On Feb. 28, 2007, my mom opened a bank account in Michigan. I imagine her sitting down with a bank representative and filling out the paperwork. When it came time to name the death beneficiary on the account, she wrote my name. At that time, she didn't expect that would mean anything. She had other plans for the account.
Instead, my dad and I now sat across a desk from a bank representative, closing her account. It was a concrete acknowledgement that mom was gone. Over and over again, my dad has had to face this sort of thing, but it was the first for me. It felt horrible to terminate something that was hers, and it was made worse by the fact that it I received some monetary benefit from it.
I wanted to keep things as close to the way Mom had left them as I could, so I transferred the funds to another account at the same bank. Mom's money would stay in Michigan, at her bank, at her branch - where Mom had put it. But it didn't feel like enough. I wanted to use it in some way that Mom would have appreciated. Only one idea felt right: a college fund. Part of Mom's legacy would be the education of her grandchildren.
As we drove away from the bank, Dad said that Mom had been putting deposits into the account every chance she got.

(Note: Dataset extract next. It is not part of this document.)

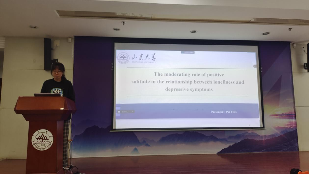 第四位汇报者是2022级硕士研究生裴依斐,汇报的文章来自于International Psychogeriatrics期刊,文献题目为“Let there be light: The moderating role of positive solitude in the relationship between loneliness and depressive symptoms”。积极的独处(PS)被视为一种单独的现象,而不是孤独的对立面,是对独处的一种不同的解释和反应。PS被定义为自愿选择,无论是否有他人在场,参与有意义的活动。PS可以作为一种资源,通过培养内在的力量来抵消孤独。它还可以缓解抑郁症状,促进危机后恢复常规生活的能力。在老年人的背景下,PS被认为可以缓和孤独和抑郁之间的联系。单独花时间会导致抑郁,但从事有意义的活动可以减轻痛苦。这是第一个研究孤独和PS与抑郁症状之间的关系的研究。该研究通过线上问卷调查了以色列65岁以上的老年人群,结果表明PS调节了孤独感与抑郁症状之间的关系。该研究扩展了对孤独感、抑郁症状和PS之间复杂关系的理解,强调了考虑孤独感和PS之间相互作用的重要性。PS是应对孤独感的心理影响的一种有价值的能力。未来可将PS技能培训纳入国家老年人健康促进计划,来提高老年人群体的复原力。

She planned to surprise me with it several years from now. By then, it would have been a great sum of money. When she gave it to me, it might have gotten me out of a bind. It might have given me the courage to change careers. It might have meant the ability to do something exciting for my family. Mom made those trips to the bank, each time adding more to the gift, and imagined what I would do with her gift. She won't see where the gift goes now, and it isn't the gift she had imagined.
I'm happy that I can put Mom's gift to good use. But it feels strangely empty when I think of her grand plans, left unfinished.